Reproducing or recording high-density information by utilizing a laser beam has been mainly put into practical use as an optical disk.
The optical disks can be broadly classified into a reproduction-only type, a recordable type and a rewritable type. The reproduction-only type is put into practical use as a compact disk and a laser disk, and the recordable type and rewritable type are put into practical use as a document file, a data file and so on. The rewritable optical disks are mainly classified into a magnet-optical type and a phase-change type. The phase-change optical disk exploits a reversible state change occurring to a recording layer between an amorphous state and a crystalline state (or between crystals and crystals of further different structure) due to irradiation of the laser beam. To be more specific, the irradiation of the laser beam changes at least one of a refractive index and an extinction coefficient of a thin film so as to perform recording. And amplitude of transmitted light or reflected light changes in this portion so that transmitted light volume or reflected light volume leading to a detection system consequently changes, which is detected so as to reproduce a signal.

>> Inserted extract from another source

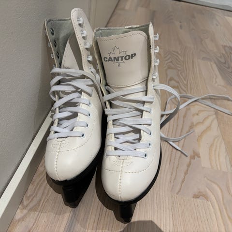 Lasten luistimet, koko 36, valkoinen väri. Sopii muun luistelun harrastamiseen.Suojilla vaatii teroituksen nouto .

In general, a state in which a recording layer material is in the crystalline state is an unrecorded state, where the laser beam is irradiated to put the recording layer material in the amorphous state by melting and rapidly cooling it so as to record the signal. In the case of erasing the signal, laser beam power lower than that for recording is irradiated to put the recording layer in the crystalline state. In general, a chalcogen compound is often used as the recording layer material. The recording layer made of the chalcogen compound is formed as a film in an amorphous state, and so it is necessary to put the entire recording area in an unrecorded state by crystallization in advance. This entire crystallization is called initialization. An initialization process is incorporated into a part of a disk manufacturing process, and the recording layer is put in the crystalline state by using the laser beam or a flash light source. In the case of using the laser beam, the laser beam is irradiated while rotating the disk, and is focused on an information layer. The optical head position is radially deviated on the disk so that the entire disk surface is initialized.
There are proposals of a one-side two-layer configuration and a manufacturing method thereof from a viewpoint of increasing a recording capacity of the optical disk (Japanese Patent Application No. 10-132982, Japanese Patent Application No. 2000-400442 (unpublished) and Japanese Patent Application No. 2002-260307 for instance. The disclosure of Application No. 2000-400442 is included in Application No. 2002-260307). Japanese Patent Application No. 2000-400442 describes the manufacturing method of the phase-change optical disk of the one-side two-layer configuration using blue-violet laser light.
The entire disclosure of Japanese Patent Application No. 10-132982 and Japanese Patent Application No. 2002-260307 are incorporated herein by reference in its entirety.
It is a disk characteristic required of a one-side multilayered recording medium that, through the information layer on an incident side of the laser beam of recording and reproducing the information, it must record and reproduce the information in the information layer which is at the back thereof. For that reason, the layer on the front side especially requires a high transmittance (50 percent for instance), and so the recording layer in the information layer must inevitably be thin for that sake.